TASK DIRECTIONS
Reproduce the lines below exactly, from the one containing "ハワイアンフラ プアケア" through the one containing "Vrtičke ob železniški", both included. Leave out any pictures.

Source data
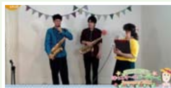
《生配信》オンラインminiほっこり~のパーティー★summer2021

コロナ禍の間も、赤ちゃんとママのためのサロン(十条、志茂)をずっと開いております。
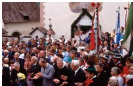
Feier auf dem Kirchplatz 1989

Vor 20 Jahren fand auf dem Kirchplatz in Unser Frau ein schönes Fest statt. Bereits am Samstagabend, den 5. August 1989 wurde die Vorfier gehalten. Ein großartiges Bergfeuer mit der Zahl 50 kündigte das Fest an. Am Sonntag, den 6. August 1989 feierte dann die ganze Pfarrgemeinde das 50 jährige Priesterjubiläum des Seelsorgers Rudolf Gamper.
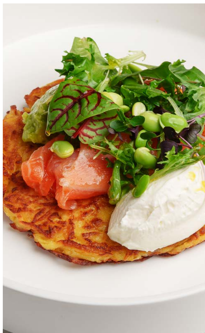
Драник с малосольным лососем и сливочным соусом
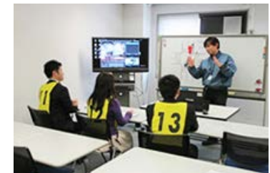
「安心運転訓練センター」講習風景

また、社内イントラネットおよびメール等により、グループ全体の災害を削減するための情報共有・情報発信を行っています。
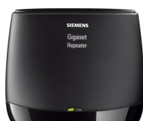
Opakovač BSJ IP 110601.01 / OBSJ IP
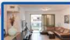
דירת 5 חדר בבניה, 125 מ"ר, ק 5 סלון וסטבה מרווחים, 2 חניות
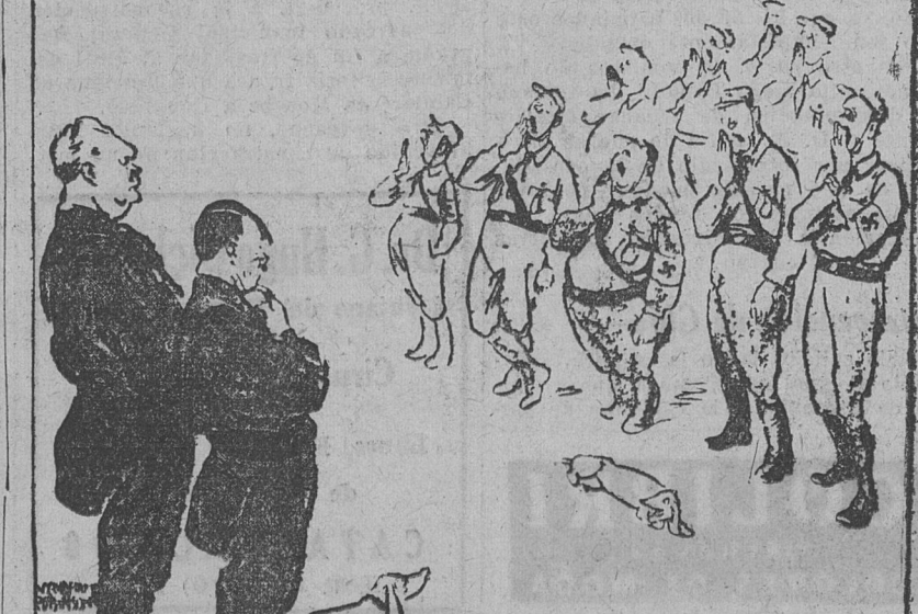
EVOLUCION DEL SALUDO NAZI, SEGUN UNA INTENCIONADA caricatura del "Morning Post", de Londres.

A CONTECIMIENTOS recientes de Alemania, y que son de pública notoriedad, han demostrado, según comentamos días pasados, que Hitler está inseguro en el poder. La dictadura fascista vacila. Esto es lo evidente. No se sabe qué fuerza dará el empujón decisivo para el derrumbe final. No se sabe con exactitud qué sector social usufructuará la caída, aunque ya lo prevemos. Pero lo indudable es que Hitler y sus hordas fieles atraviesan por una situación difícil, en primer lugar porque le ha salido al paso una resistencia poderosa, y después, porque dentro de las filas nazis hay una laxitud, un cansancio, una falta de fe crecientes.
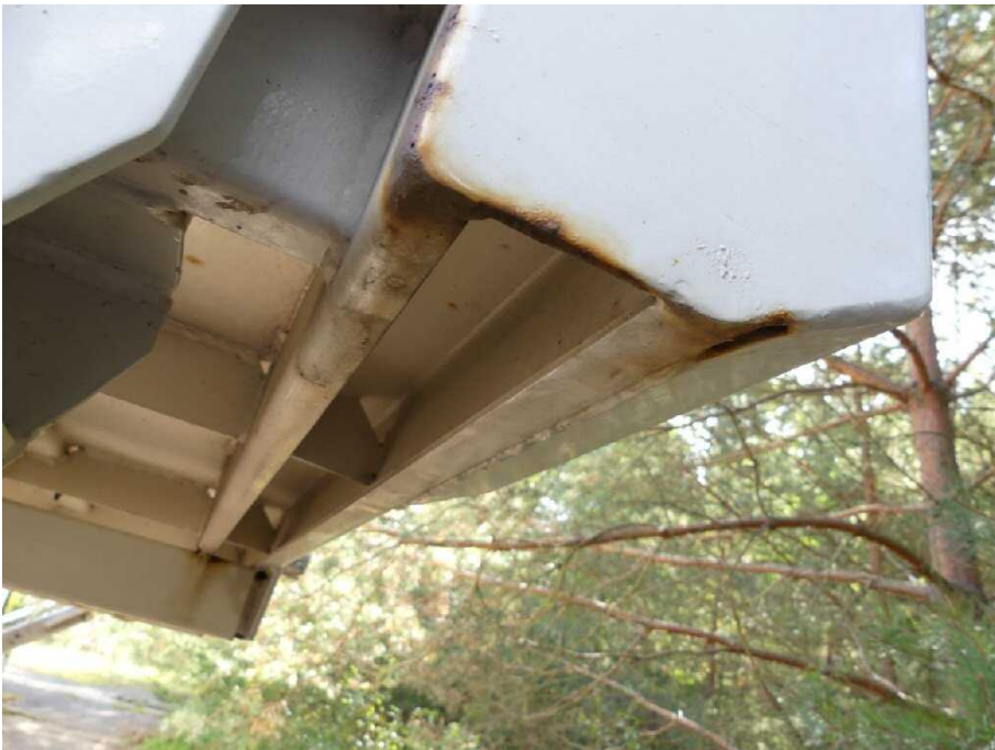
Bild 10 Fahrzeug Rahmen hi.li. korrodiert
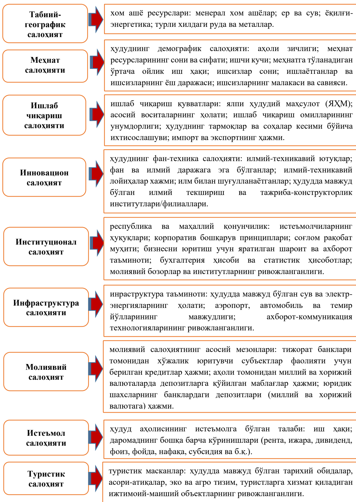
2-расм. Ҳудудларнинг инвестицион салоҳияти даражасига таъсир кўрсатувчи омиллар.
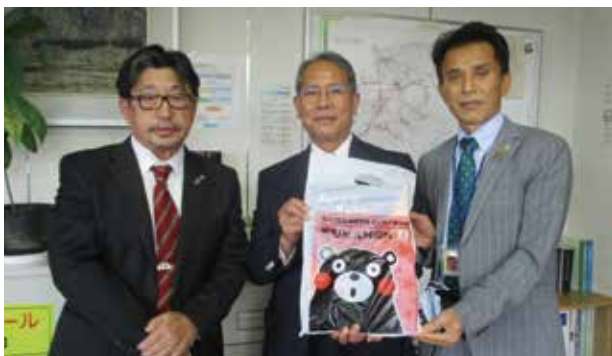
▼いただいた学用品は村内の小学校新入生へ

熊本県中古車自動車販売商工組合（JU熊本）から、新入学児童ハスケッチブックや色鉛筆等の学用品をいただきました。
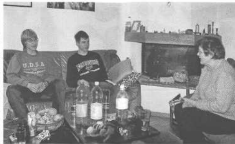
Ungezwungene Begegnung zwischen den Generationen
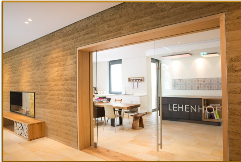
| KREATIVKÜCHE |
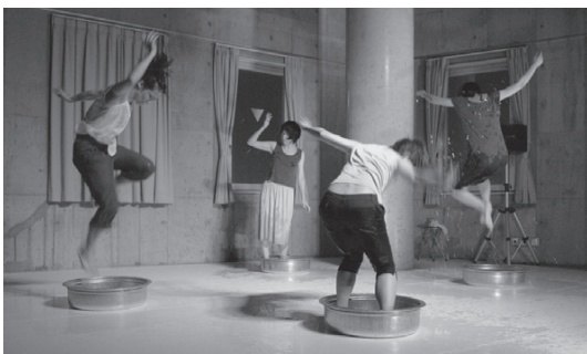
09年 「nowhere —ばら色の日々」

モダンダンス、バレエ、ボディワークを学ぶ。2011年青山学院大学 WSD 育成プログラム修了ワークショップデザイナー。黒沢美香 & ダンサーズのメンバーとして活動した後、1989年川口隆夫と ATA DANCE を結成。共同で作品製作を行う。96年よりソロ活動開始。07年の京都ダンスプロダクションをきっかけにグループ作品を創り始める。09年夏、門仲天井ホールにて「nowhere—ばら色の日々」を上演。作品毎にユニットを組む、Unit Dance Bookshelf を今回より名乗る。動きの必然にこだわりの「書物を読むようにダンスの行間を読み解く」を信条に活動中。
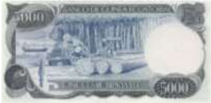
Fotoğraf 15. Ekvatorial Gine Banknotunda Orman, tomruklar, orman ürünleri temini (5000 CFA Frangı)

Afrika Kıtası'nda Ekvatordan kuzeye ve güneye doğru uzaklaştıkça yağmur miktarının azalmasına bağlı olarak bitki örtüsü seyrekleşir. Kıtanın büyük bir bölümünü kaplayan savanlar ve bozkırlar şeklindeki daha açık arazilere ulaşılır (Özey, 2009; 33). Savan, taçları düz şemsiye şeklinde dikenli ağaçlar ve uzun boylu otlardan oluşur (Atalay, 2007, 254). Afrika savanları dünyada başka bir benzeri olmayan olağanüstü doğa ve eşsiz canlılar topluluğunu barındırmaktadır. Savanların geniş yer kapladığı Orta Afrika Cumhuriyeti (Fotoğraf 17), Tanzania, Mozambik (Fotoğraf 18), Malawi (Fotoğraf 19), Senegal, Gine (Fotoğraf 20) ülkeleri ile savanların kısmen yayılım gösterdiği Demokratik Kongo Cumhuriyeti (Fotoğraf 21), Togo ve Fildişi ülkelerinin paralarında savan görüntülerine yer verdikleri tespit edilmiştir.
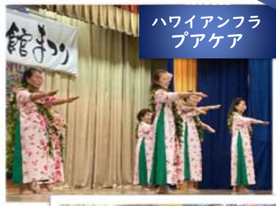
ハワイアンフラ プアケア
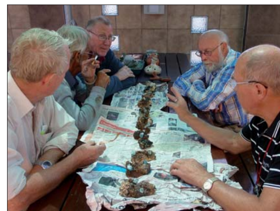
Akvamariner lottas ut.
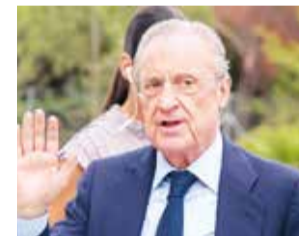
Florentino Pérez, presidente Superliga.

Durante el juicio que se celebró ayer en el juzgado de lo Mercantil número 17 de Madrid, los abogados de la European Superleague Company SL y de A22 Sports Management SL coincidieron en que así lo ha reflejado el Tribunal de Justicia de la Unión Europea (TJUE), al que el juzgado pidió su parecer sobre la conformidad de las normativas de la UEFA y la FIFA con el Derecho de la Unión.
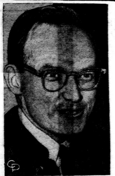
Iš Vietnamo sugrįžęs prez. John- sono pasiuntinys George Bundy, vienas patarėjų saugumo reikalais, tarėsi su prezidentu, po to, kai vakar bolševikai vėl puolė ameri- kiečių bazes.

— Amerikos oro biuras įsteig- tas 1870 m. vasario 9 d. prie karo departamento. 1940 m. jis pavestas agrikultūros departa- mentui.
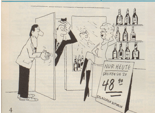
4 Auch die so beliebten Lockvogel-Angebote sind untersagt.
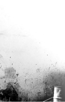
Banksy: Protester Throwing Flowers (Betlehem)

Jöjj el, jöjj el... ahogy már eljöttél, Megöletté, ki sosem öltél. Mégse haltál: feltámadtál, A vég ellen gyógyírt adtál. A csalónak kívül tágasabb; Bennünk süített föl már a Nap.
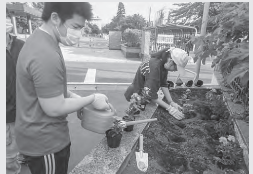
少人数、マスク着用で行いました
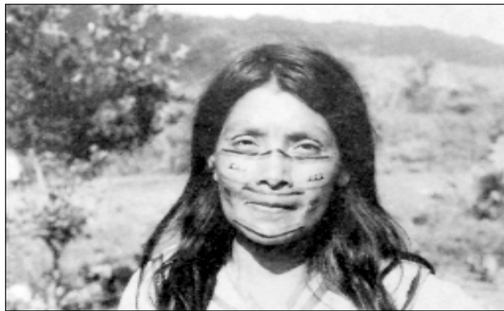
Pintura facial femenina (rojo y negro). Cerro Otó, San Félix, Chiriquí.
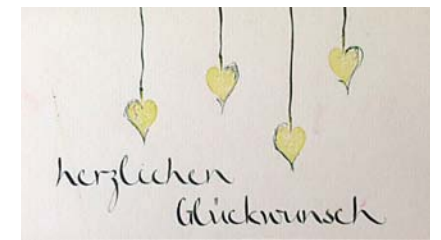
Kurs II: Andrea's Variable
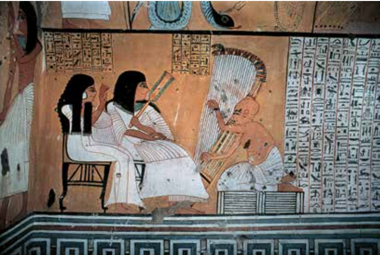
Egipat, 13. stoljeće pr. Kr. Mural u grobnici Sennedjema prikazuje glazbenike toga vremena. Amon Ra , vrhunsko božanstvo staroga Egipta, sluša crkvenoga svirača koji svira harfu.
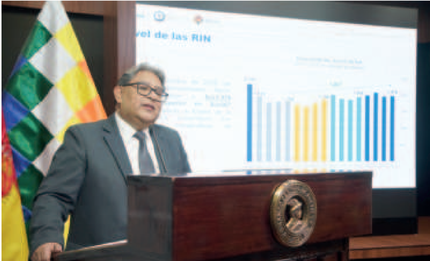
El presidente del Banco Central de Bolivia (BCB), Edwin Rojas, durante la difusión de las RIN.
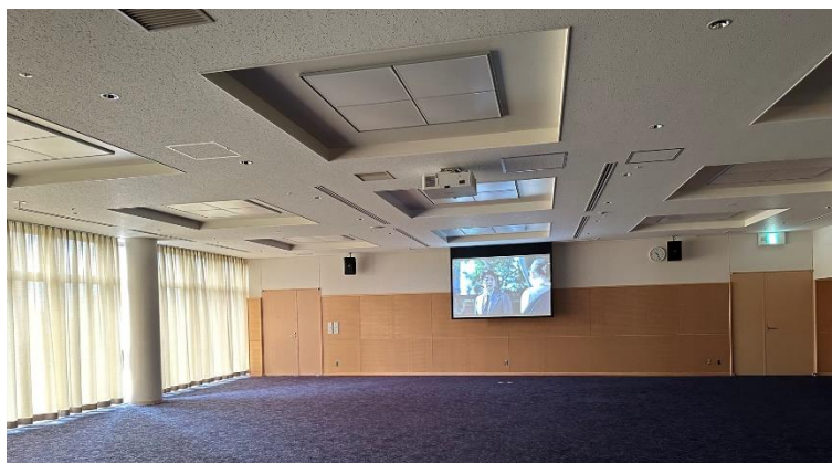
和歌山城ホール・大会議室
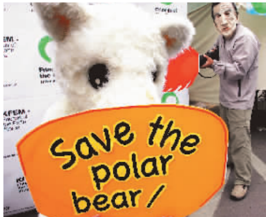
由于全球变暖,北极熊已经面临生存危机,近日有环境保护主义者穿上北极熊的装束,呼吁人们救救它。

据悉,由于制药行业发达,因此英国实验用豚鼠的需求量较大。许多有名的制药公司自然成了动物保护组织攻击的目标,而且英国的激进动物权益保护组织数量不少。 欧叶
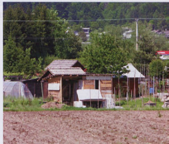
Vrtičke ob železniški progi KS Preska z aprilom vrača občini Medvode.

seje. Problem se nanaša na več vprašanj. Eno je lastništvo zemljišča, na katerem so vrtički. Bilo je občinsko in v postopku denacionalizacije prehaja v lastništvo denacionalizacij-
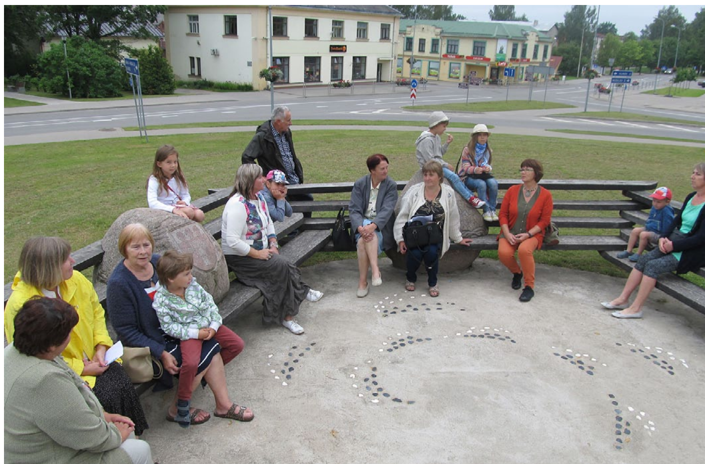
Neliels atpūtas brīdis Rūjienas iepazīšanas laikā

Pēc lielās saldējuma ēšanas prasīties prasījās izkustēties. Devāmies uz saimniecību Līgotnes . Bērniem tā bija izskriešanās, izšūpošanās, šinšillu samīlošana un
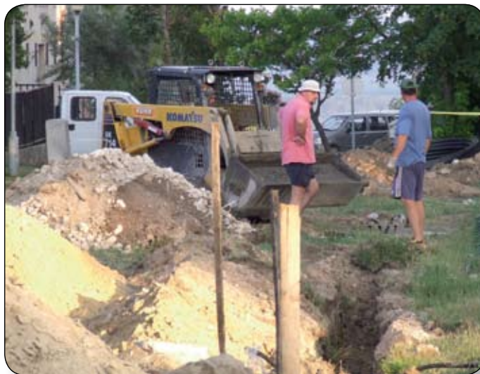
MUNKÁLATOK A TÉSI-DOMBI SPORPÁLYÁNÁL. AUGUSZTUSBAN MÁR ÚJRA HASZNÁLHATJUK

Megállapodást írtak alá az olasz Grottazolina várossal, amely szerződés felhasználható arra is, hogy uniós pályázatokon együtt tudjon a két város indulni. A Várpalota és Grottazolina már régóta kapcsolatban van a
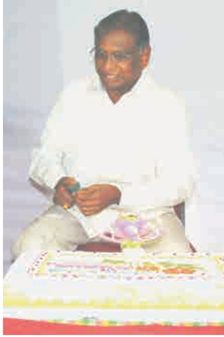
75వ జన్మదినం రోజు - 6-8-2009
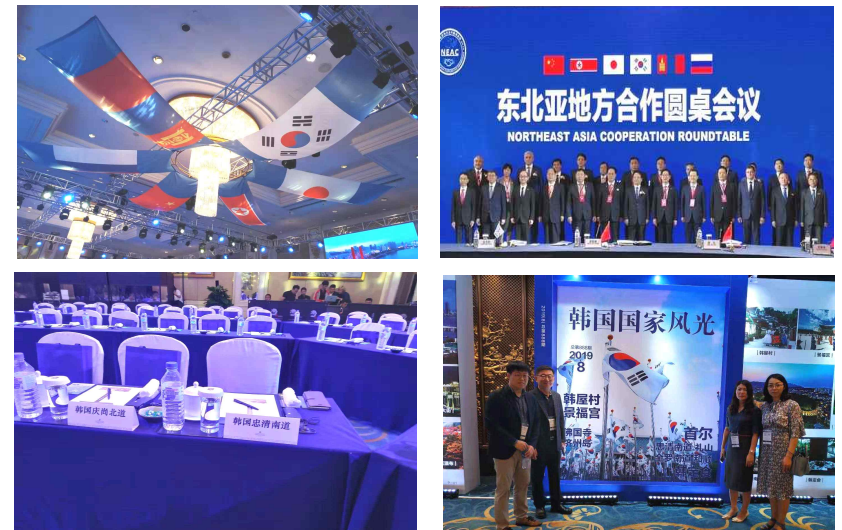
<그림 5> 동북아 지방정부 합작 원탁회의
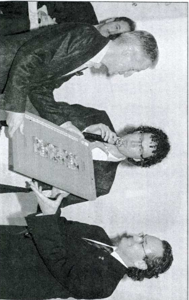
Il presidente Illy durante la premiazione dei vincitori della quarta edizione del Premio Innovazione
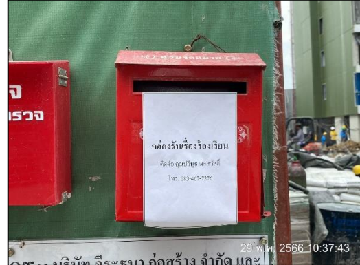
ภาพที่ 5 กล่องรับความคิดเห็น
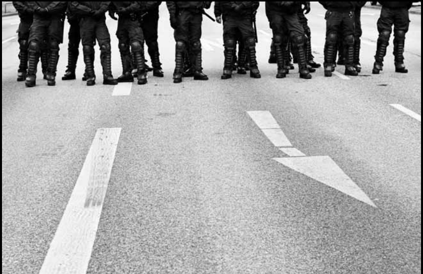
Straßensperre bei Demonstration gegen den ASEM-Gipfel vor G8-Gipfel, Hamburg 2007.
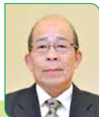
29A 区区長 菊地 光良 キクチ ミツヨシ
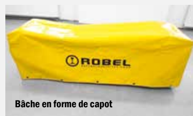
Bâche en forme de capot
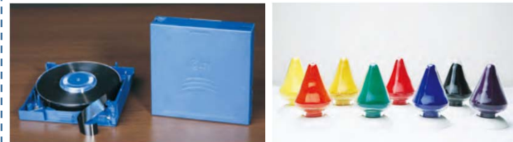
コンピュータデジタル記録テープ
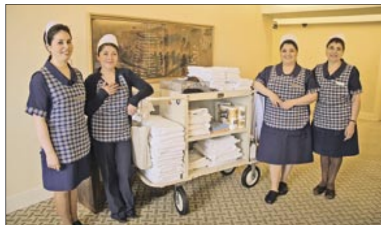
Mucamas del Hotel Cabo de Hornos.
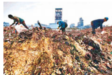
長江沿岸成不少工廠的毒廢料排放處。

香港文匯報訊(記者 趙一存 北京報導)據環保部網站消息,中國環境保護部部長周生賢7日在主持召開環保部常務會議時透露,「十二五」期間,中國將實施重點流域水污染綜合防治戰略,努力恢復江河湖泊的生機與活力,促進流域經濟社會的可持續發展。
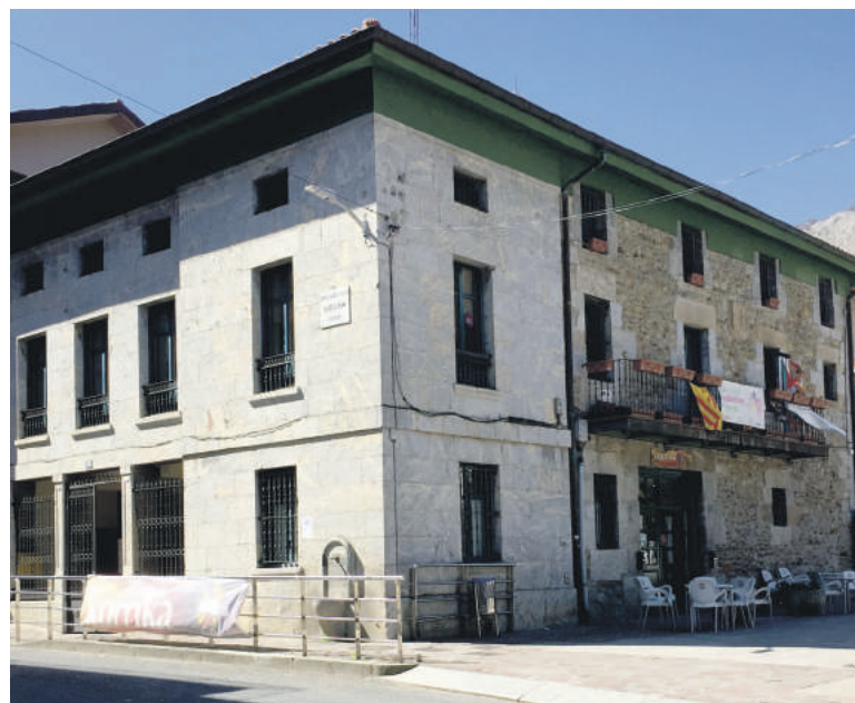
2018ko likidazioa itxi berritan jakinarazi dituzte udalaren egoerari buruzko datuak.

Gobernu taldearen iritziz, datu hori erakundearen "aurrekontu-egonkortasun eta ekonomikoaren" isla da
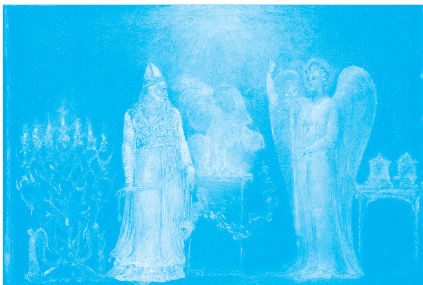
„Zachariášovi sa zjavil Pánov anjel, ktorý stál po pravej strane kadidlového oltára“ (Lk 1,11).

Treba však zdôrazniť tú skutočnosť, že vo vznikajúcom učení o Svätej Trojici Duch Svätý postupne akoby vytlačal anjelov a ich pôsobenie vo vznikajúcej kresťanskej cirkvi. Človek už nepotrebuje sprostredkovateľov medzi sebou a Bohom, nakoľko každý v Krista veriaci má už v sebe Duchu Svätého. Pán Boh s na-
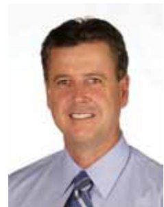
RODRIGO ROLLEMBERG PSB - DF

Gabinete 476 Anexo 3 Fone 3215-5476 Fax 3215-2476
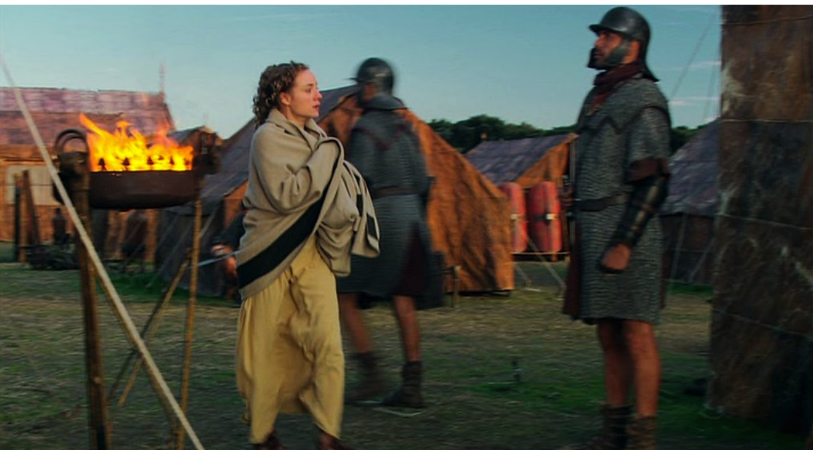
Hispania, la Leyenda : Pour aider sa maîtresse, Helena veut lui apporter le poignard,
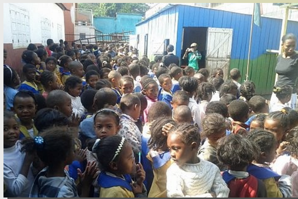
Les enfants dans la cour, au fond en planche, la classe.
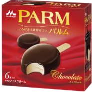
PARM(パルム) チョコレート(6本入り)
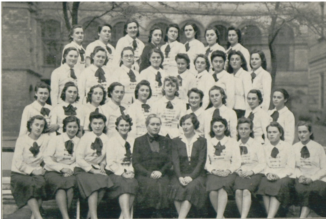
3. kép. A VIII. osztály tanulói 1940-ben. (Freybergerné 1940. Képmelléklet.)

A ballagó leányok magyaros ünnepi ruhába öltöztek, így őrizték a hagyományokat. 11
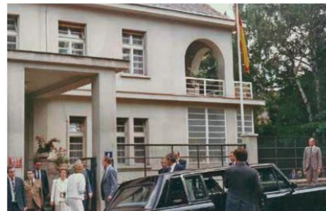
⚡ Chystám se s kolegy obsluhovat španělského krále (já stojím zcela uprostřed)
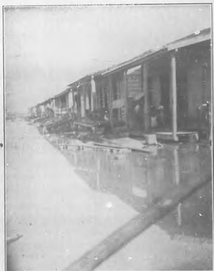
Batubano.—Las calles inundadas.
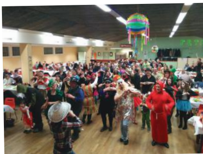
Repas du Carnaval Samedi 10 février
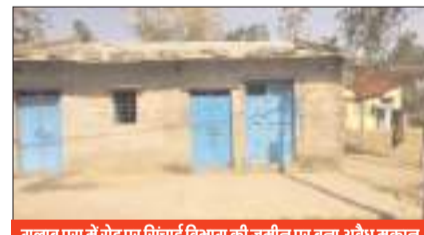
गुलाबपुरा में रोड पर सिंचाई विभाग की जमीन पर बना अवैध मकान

SOLUTION TO THE PROBLEM
ハワイアンフラ プアケア
Akvamariner lottas ut.
Florentino Pérez, presidente Superliga.

Durante el juicio que se celebró ayer en el juzgado de lo Mercantil número 17 de Madrid, los abogados de la European Superleague Company SL y de A22 Sports Management SL coincidieron en que así lo ha reflejado el Tribunal de Justicia de la Unión Europea (TJUE), al que el juzgado pidió su parecer sobre la conformidad de las normativas de la UEFA y la FIFA con el Derecho de la Unión.
Iš Vietnamo sugrįžęs prez. John- sono pasiuntinys George Bundy, vienas patarėjų saugumo reikalais, tarėsi su prezidentu, po to, kai vakar bolševikai vėl puolė ameri- kiečių bazes.

— Amerikos oro biuras įsteig- tas 1870 m. vasario 9 d. prie karo departamento. 1940 m. jis pavestas agrikultūros departa- mentui.
4 Auch die so beliebten Lockvogel-Angebote sind untersagt.
Banksy: Protester Throwing Flowers (Betlehem)

Jöjj el, jöjj el... ahogy már eljöttél, Megöletté, ki sosem öltél. Mégse haltál: feltámadtál, A vég ellen gyógyírt adtál. A csalónak kívül tágasabb; Bennünk süített föl már a Nap.
少人数、マスク着用で行いました
Pintura facial femenina (rojo y negro). Cerro Otó, San Félix, Chiriquí.
Kurs II: Andrea's Variable
Egipat, 13. stoljeće pr. Kr. Mural u grobnici Sennedjema prikazuje glazbenike toga vremena. Amon Ra , vrhunsko božanstvo staroga Egipta, sluša crkvenoga svirača koji svira harfu.
El presidente del Banco Central de Bolivia (BCB), Edwin Rojas, durante la difusión de las RIN.
和歌山城ホール・大会議室
由于全球变暖,北极熊已经面临生存危机,近日有环境保护主义者穿上北极熊的装束,呼吁人们救救它。

据悉,由于制药行业发达,因此英国实验用豚鼠的需求量较大。许多有名的制药公司自然成了动物保护组织攻击的目标,而且英国的激进动物权益保护组织数量不少。 欧叶
Vrtičke ob železniški progi KS Preska z aprilom vrača občini Medvode.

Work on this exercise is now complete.